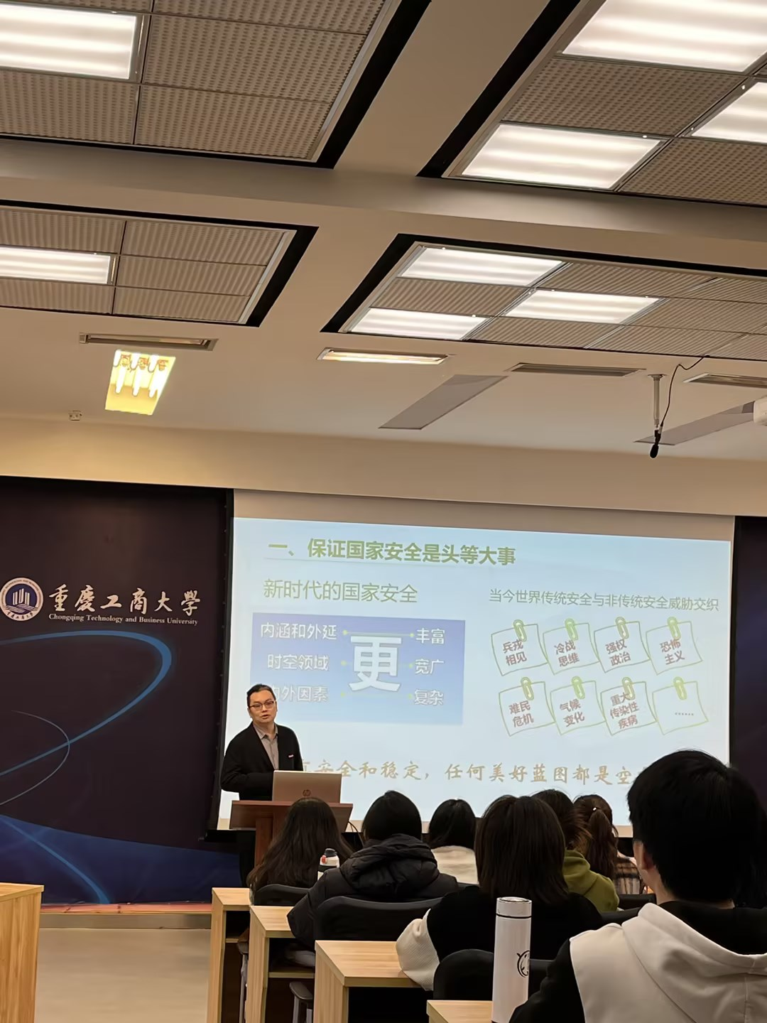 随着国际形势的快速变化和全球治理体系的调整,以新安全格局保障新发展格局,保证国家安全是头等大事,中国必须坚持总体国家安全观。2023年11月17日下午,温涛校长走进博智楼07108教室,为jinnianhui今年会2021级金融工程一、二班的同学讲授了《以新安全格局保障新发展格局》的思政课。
________________________
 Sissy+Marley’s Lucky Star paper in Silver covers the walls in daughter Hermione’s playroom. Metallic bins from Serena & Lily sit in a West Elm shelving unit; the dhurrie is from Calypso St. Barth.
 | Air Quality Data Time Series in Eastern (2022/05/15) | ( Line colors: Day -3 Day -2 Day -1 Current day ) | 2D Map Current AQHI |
________________________
■ **TASK INSTRUCTIONS**:
For this exercise, output exactly the lines above from the line with "Sissy+Marley’s Lucky Star" to the line with "Current AQHI |", counting both, and leave out the rest.

■ **RESULT OF THE EXERCISE**:
 Sissy+Marley’s Lucky Star paper in Silver covers the walls in daughter Hermione’s playroom. Metallic bins from Serena & Lily sit in a West Elm shelving unit; the dhurrie is from Calypso St. Barth.
 | Air Quality Data Time Series in Eastern (2022/05/15) | ( Line colors: Day -3 Day -2 Day -1 Current day ) | 2D Map Current AQHI |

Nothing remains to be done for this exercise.